Normalize LANG / LC_* environment

This ensures that the current locale supports UTF-8, and that we're
getting a consistent (but still supported by the system) locale for
every configuration except user-facing messages. This should eliminate
any reproducibility problems around sorting, formatting, etc for all
built products, while still showing localized error messages where
available.

Bug: 71573630
Test: LANG=es_ES LANGUAGE=es: m   (check env in soong.log)
Change-Id: If33311899eaed8c44573113ee35c5a71cee503a0
diff --git a/ui/build/config.go b/ui/build/config.go
index 0c37724..363121f 100644
--- a/ui/build/config.go
+++ b/ui/build/config.go
@@ -168,6 +168,8 @@
 	}()
 	absJavaHome := absPath(ctx, javaHome)
 
+	ret.configureLocale(ctx)
+
 	newPath := []string{filepath.Join(absJavaHome, "bin")}
 	if path, ok := ret.environ.Get("PATH"); ok && path != "" {
 		newPath = append(newPath, path)
@@ -228,6 +230,52 @@
 	}
 }
 
+func (c *configImpl) configureLocale(ctx Context) {
+	cmd := Command(ctx, Config{c}, "locale", "locale", "-a")
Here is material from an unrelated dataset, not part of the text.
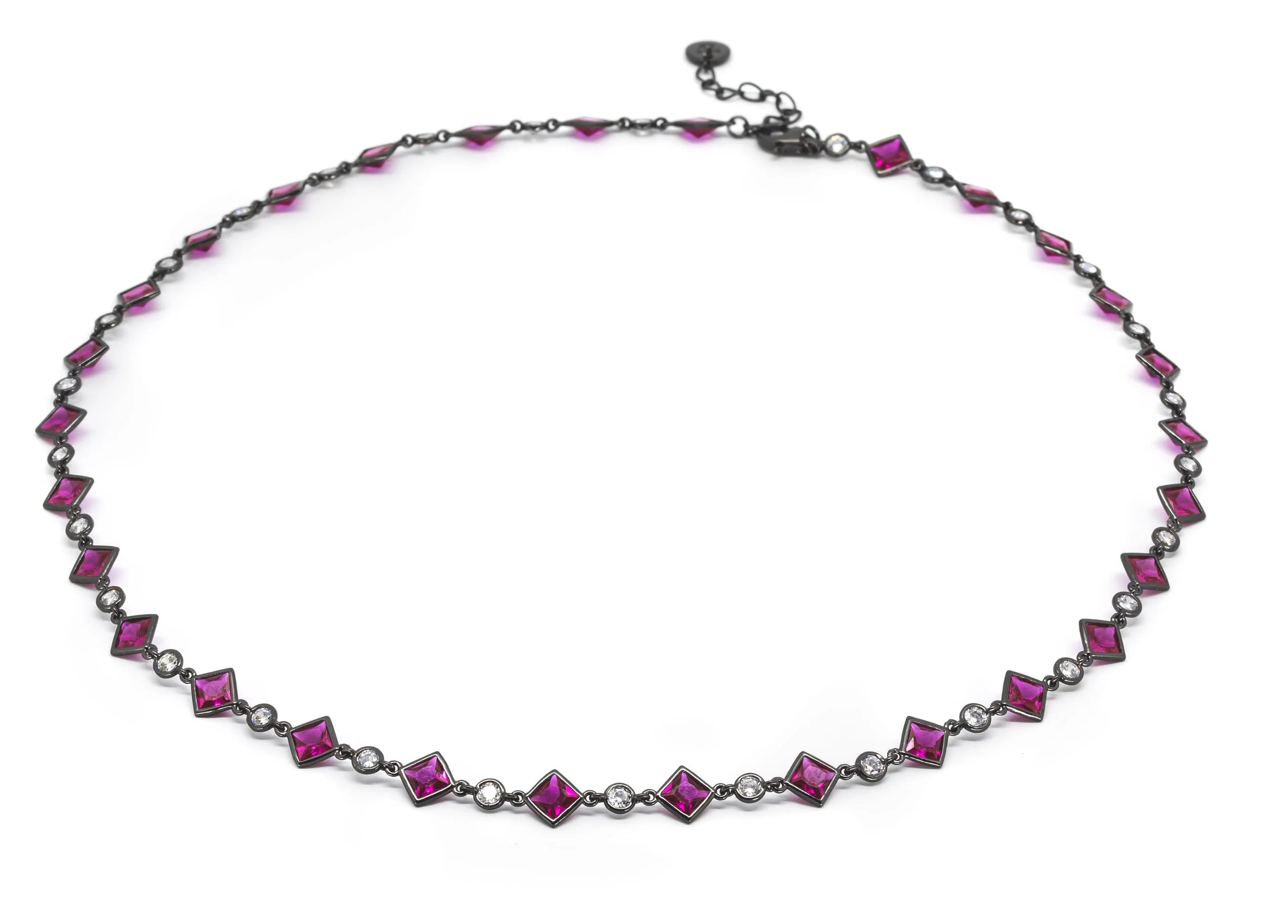 Girocollo con pietre taglio carrè in rubino sintetico e tonde in zirconia cubica bianca, realizzato in argento 925 con galvanica rodio nero.

+	output, err := cmd.Output()
+
+	var locales []string
+	if err == nil {
+		locales = strings.Split(string(output), "\n")
+	} else {
+		// If we're unable to list the locales, let's assume en_US.UTF-8
+		locales = []string{"en_US.UTF-8"}
+		ctx.Verbosef("Failed to list locales (%q), falling back to %q", err, locales)
+	}
+
+	// gettext uses LANGUAGE, which is passed directly through
+
+	// For LANG and LC_*, only preserve the evaluated version of
+	// LC_MESSAGES
+	user_lang := ""
+	if lc_all, ok := c.environ.Get("LC_ALL"); ok {
+		user_lang = lc_all
+	} else if lc_messages, ok := c.environ.Get("LC_MESSAGES"); ok {
+		user_lang = lc_messages
+	} else if lang, ok := c.environ.Get("LANG"); ok {
+		user_lang = lang
+	}
+
+	c.environ.UnsetWithPrefix("LC_")
+
+	if user_lang != "" {
+		c.environ.Set("LC_MESSAGES", user_lang)
+	}
+
+	// The for LANG, use C.UTF-8 if it exists (Debian currently, proposed
+	// for others)
+	if inList("C.UTF-8", locales) {
+		c.environ.Set("LANG", "C.UTF-8")
+	} else if inList("en_US.UTF-8", locales) {
+		c.environ.Set("LANG", "en_US.UTF-8")
+	} else if inList("en_US.utf8", locales) {
+		// These normalize to the same thing
+		c.environ.Set("LANG", "en_US.UTF-8")
+	} else {
+		ctx.Fatalln("System doesn't support either C.UTF-8 or en_US.UTF-8")
+	}
+}
+
 // Lunch configures the environment for a specific product similarly to the
 // `lunch` bash function.
 func (c *configImpl) Lunch(ctx Context, product, variant string) {